La política de Trump podría conducir a una ruptura de la épocaHoy, tres años después, el gobierno de Trump plantea la cuestión de si Estados Unidos aún defiende el orden liberal y si todavía quieren actuar como la supremacía del mundo libre como lo habían hecho después de la primera y después de la Segunda Guerra Mundial. Una partida de la supremacía occidental de la idea de Occidente y el orden liberal significaría una interrupción histórica, que solo sería comparable en 1917, con la entrada estadounidense en la Primera Guerra Mundial.
Una deportación aislacionista de América tendría un precursor en la historia. Hasta principios del siglo XX, Estados Unidos no apareció como un actor de política global. Se centraron en sus propios intereses sin asumir la responsabilidad del sistema internacional.
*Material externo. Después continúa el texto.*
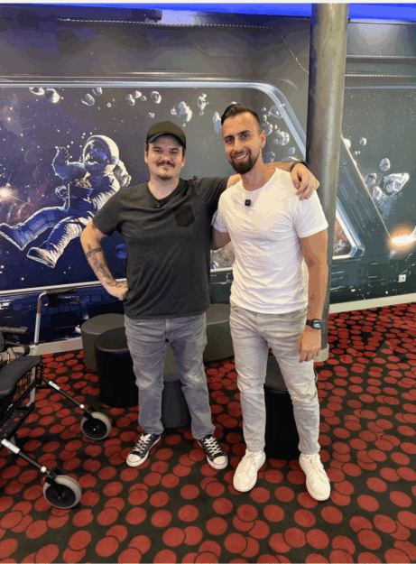 na vozíku, přežil klinickou smrt. Dnes se pokusí jít do kina poprvé po 15 letech bez vozíku, po svých.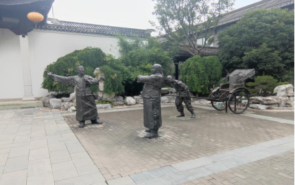 团队成员们在珠溪古镇时光记忆馆中聆听工作人员的讲解,了解到伍佑场“三十六盐场,大不过伍佑场”的美称以及伍佑的千年盐史。在二楼的展厅中还了解到盐城“四色文化”中另一个除“白色海盐文化”之外的“红色铁军文化”。了解到抗日烈士姚公铭、铁人英雄韩必和的伟大事迹。参观结束后,小组成员作为讲解员向现场观众讲解珠溪古镇的传统文化及历史沿革,帮助更多人了解珠溪古镇背后党的故事。小组成员向现场观众讲解到:“从明代至清末,伍佑有15 人上榜于历代登科名录中。《盐城县志》记载,李汝珍著书《镜花缘》于伍佑,更有‘西泠印社’大家黄易在珠溪泼墨挥毫等。”走进古镇,我们感受到历史文化与现代旅游的碰撞,在源远流长的历史文化之外,古色古香的街巷中设有大剧院、言+买书局等老少皆宜的热门旅游景点,吸引更多游客到来。可以看出,珠溪古镇在“以文塑旅,以旅彰文”的道路上一直在努力前进。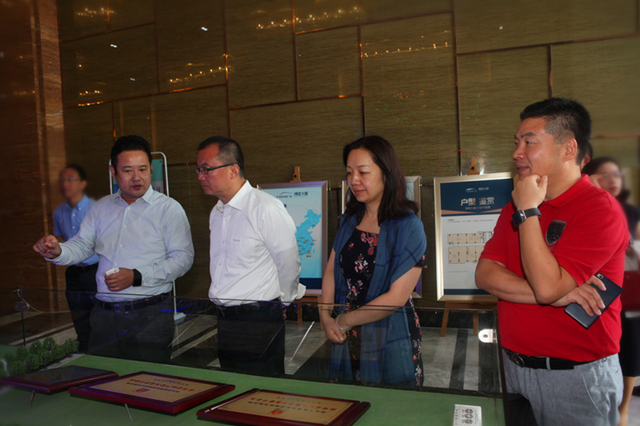 7月21日,南京市委常委、常务副市长杨学鹏到深业华东公司考察。南京市雨花台区委书记戴华杰、集团董事长吕华陪同考察。 吕华董事长陪同杨学鹏常务副市长一行参观深业滨江展示厅

Pero esta actitud contradice los requisitos para un liderazgo que siempre tiene que invertir en el bien de sus propios intereses. Esta es la única forma de hacer que el orden internacional sea ventajoso, y esta es la única forma de permanecer estable.
Si Estados Unidos fuera retirado, el sistema global estaría expuesto a ataques en todos los lados, solo en un momento de especial fragilidad. Esto no solo pulverizaría el punto de partida de 1989 en retrospectiva, sino que explotaría los ferrocarriles de la política mundial desde 1917.
¿Occidente tendría el poder de reinventarse sin Estados Unidos para contrarrestar a Rusia y China? Esta es la pregunta con la que las 2020 se están mudando a los conflictos históricos del mundo de la Liga de Campeones.
Los historiadores siempre solo determinan las averías de la época después. 1917 fue uno. 2025 podría convertirse en uno.
Andreas Rödder, nacido en 1967, es profesor de la última historia en la Universidad Johannes Gutenberg Mainz y miembro senior en el Centro de Asuntos Globales de Kissinger en la Universidad John's Hopkins en Washington. Rödder es el columnista del "Nzz Am Sonntag" y autor de numerosos libros. El año pasado apareció "The Lost Peace" (Ch Beck).